*** Opening of EXCERPTED RECORDS ***

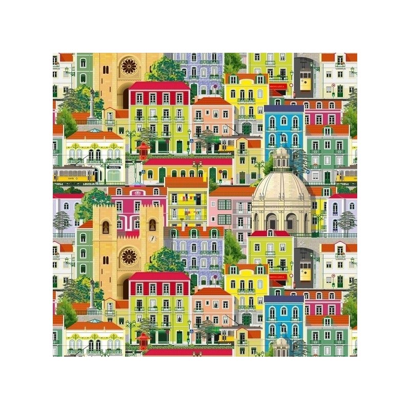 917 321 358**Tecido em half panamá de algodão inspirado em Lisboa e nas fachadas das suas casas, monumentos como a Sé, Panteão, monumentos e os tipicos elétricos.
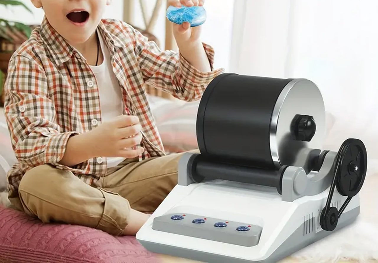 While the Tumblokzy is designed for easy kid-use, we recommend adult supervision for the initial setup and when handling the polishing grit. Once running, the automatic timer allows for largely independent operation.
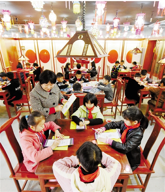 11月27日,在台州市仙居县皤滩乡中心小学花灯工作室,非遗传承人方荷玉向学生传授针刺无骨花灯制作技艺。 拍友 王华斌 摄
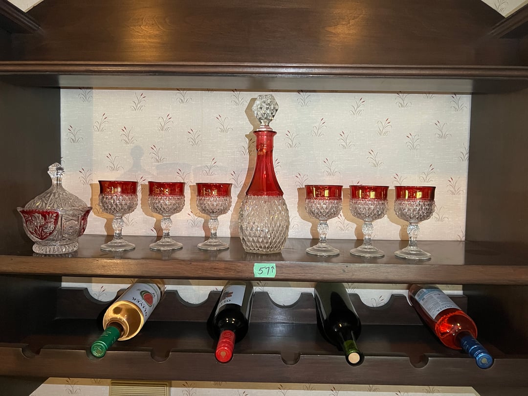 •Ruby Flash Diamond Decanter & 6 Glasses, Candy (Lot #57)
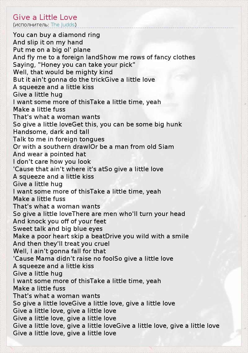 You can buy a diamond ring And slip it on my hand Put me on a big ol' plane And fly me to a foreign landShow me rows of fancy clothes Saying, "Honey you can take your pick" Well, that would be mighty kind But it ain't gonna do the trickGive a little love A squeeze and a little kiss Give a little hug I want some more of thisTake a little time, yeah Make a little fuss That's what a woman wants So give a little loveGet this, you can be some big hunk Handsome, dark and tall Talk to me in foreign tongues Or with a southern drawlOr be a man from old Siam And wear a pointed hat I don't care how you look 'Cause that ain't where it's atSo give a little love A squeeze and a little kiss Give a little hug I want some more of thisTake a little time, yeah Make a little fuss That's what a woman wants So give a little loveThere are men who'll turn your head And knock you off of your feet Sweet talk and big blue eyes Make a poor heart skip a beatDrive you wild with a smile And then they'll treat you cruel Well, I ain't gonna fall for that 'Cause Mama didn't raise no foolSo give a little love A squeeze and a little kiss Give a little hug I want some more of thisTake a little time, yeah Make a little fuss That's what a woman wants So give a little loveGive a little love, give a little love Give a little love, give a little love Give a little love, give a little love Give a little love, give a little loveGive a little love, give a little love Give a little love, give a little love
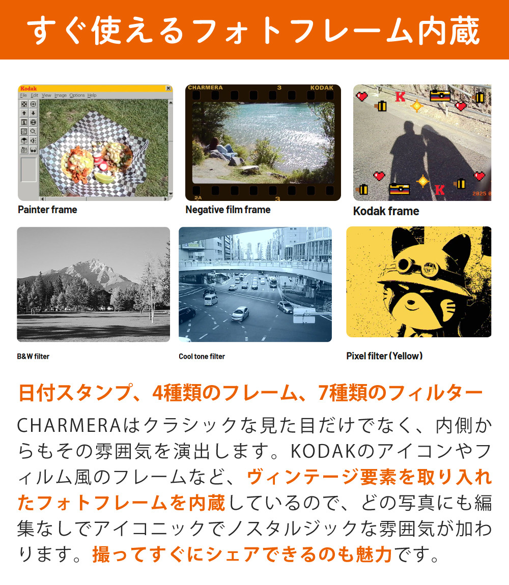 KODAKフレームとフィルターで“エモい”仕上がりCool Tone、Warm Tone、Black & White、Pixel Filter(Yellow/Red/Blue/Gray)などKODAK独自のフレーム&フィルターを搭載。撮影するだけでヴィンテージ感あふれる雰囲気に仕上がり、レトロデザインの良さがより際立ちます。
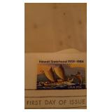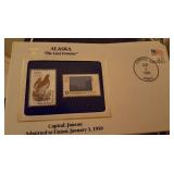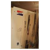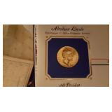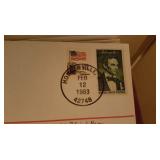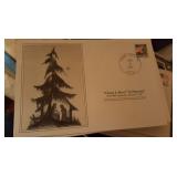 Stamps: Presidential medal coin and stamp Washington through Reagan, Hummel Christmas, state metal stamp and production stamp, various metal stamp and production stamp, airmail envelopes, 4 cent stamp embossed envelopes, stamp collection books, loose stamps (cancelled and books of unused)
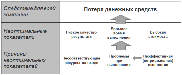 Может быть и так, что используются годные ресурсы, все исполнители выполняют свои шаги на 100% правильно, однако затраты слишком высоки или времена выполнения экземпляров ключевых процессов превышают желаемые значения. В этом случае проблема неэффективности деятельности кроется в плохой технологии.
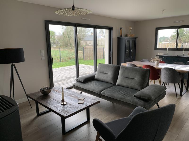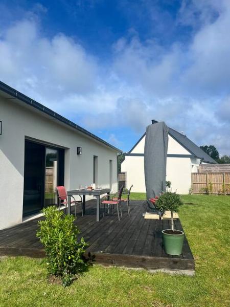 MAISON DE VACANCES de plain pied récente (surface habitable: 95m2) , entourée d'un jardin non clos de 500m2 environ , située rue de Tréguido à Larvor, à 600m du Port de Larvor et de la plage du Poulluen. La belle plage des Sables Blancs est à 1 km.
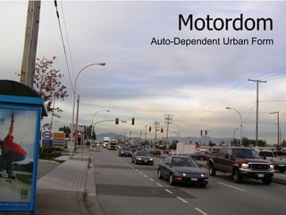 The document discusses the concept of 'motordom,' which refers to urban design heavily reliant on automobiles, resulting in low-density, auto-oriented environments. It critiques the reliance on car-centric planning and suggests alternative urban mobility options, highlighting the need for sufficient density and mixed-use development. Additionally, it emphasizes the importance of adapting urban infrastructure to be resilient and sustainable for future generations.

*** Close of EXCERPTED RECORDS ***

WHAT YOU NEED TO DO: Extract, character for character, every line from the one that holds "Stamps: Presidential medal" through the end of the entries above. Include both boundary lines and no pictures.

TASK OUTPUT:
 Stamps: Presidential medal coin and stamp Washington through Reagan, Hummel Christmas, state metal stamp and production stamp, various metal stamp and production stamp, airmail envelopes, 4 cent stamp embossed envelopes, stamp collection books, loose stamps (cancelled and books of unused)
 Может быть и так, что используются годные ресурсы, все исполнители выполняют свои шаги на 100% правильно, однако затраты слишком высоки или времена выполнения экземпляров ключевых процессов превышают желаемые значения. В этом случае проблема неэффективности деятельности кроется в плохой технологии.
 MAISON DE VACANCES de plain pied récente (surface habitable: 95m2) , entourée d'un jardin non clos de 500m2 environ , située rue de Tréguido à Larvor, à 600m du Port de Larvor et de la plage du Poulluen. La belle plage des Sables Blancs est à 1 km.
 The document discusses the concept of 'motordom,' which refers to urban design heavily reliant on automobiles, resulting in low-density, auto-oriented environments. It critiques the reliance on car-centric planning and suggests alternative urban mobility options, highlighting the need for sufficient density and mixed-use development. Additionally, it emphasizes the importance of adapting urban infrastructure to be resilient and sustainable for future generations.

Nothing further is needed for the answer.